§ Your instructions: The entries below contain pictures. Write out only the lines from the line with "Làm thế nào" up to and including the line with "童装女童套装25年夏季纯棉短袖t恤女大童运动短裤儿童两件套 849631", exactly, without them.

━━━━━ Supplied material ━━━━━

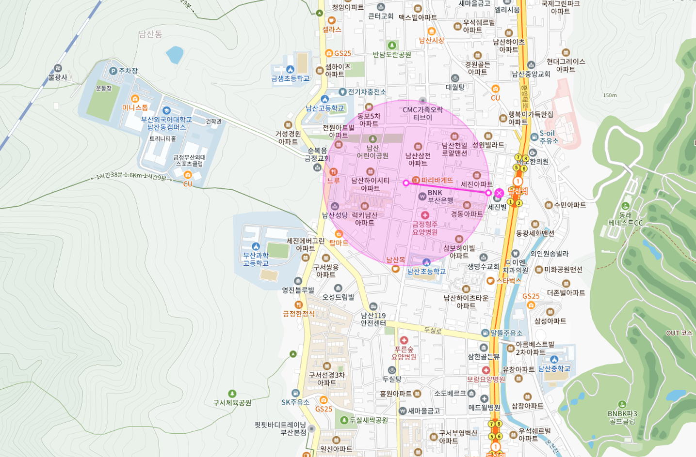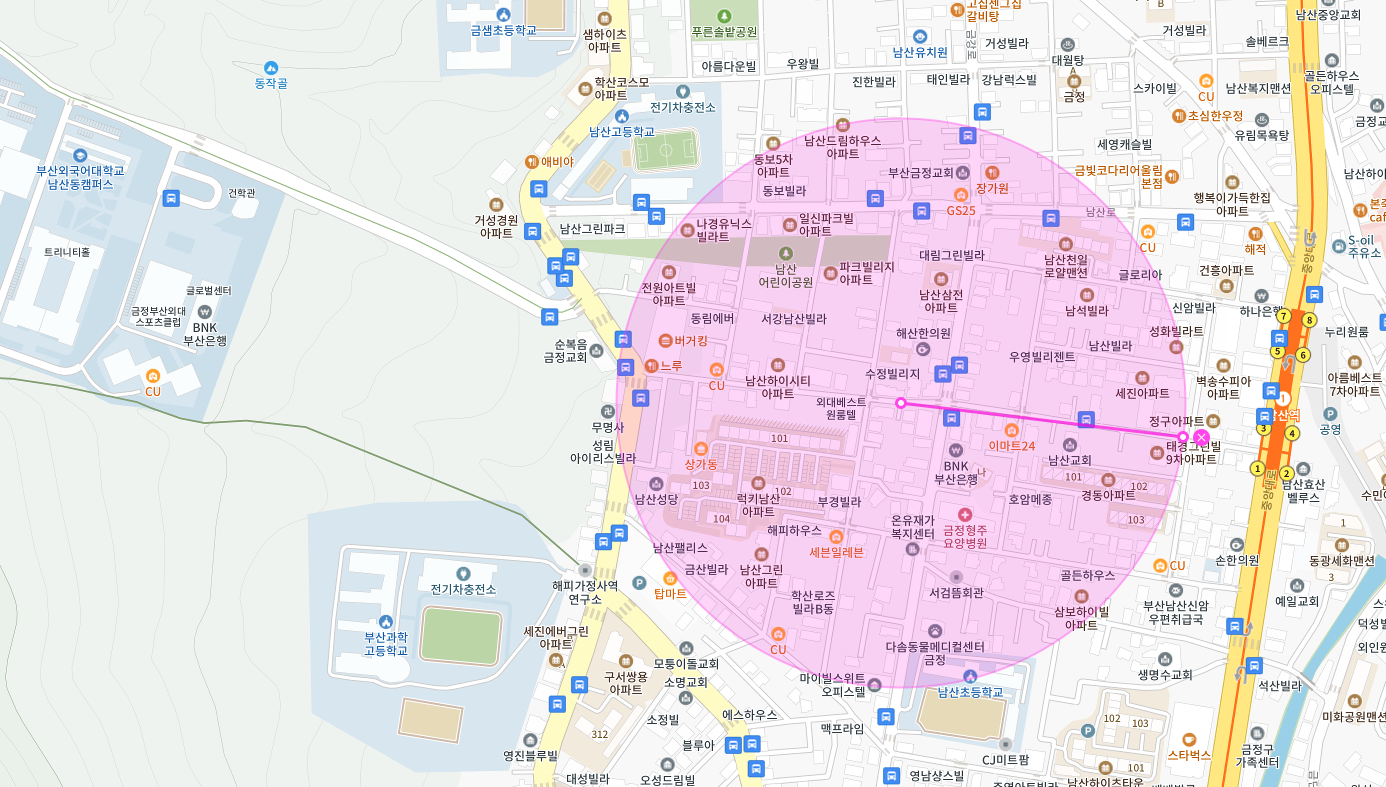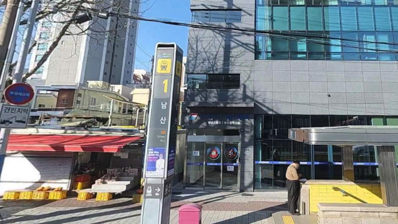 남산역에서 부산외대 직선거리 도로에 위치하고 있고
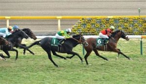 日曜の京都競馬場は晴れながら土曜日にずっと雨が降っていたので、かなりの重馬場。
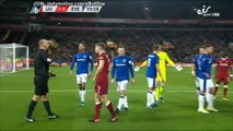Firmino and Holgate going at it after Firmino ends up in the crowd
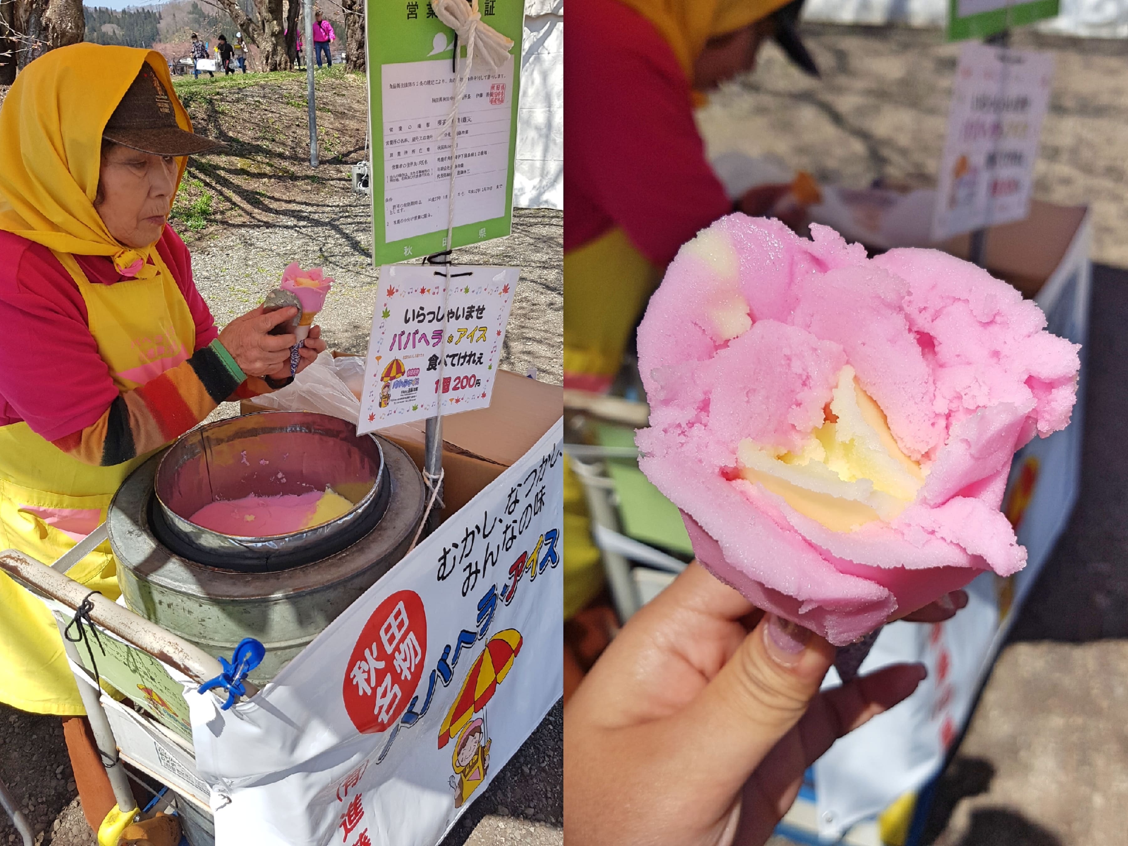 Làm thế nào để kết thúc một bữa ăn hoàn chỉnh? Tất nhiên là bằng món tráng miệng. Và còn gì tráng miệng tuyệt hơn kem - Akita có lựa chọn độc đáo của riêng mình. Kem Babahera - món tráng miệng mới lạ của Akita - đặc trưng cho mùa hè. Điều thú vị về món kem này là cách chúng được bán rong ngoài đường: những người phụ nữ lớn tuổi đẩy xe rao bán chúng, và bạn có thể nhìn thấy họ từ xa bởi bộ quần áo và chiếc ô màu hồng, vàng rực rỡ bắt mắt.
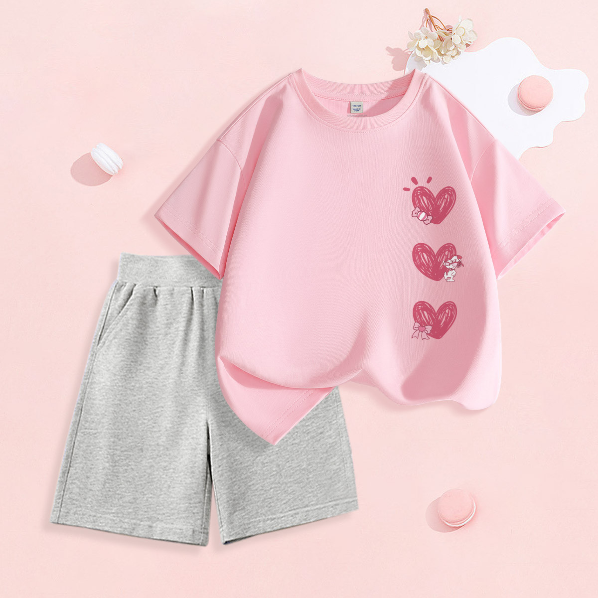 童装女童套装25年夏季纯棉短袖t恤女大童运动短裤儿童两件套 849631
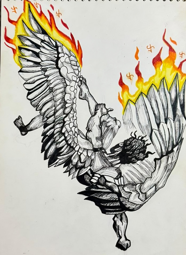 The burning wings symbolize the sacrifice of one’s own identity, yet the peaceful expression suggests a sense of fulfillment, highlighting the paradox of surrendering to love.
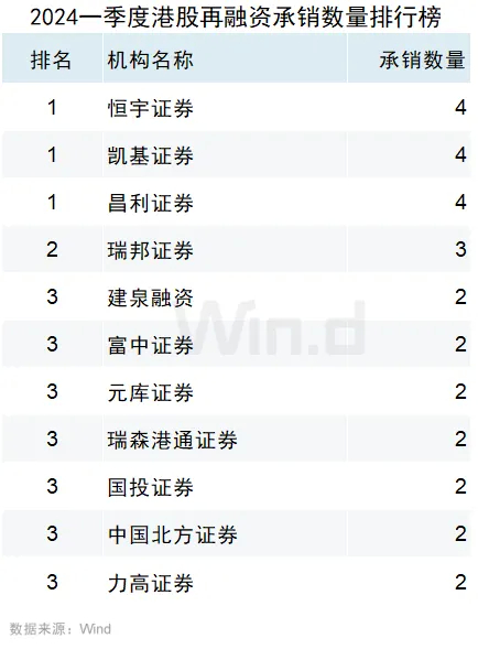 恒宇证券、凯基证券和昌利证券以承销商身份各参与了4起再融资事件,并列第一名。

━━━━━

§ Solved problem:
 Làm thế nào để kết thúc một bữa ăn hoàn chỉnh? Tất nhiên là bằng món tráng miệng. Và còn gì tráng miệng tuyệt hơn kem - Akita có lựa chọn độc đáo của riêng mình. Kem Babahera - món tráng miệng mới lạ của Akita - đặc trưng cho mùa hè. Điều thú vị về món kem này là cách chúng được bán rong ngoài đường: những người phụ nữ lớn tuổi đẩy xe rao bán chúng, và bạn có thể nhìn thấy họ từ xa bởi bộ quần áo và chiếc ô màu hồng, vàng rực rỡ bắt mắt.
 童装女童套装25年夏季纯棉短袖t恤女大童运动短裤儿童两件套 849631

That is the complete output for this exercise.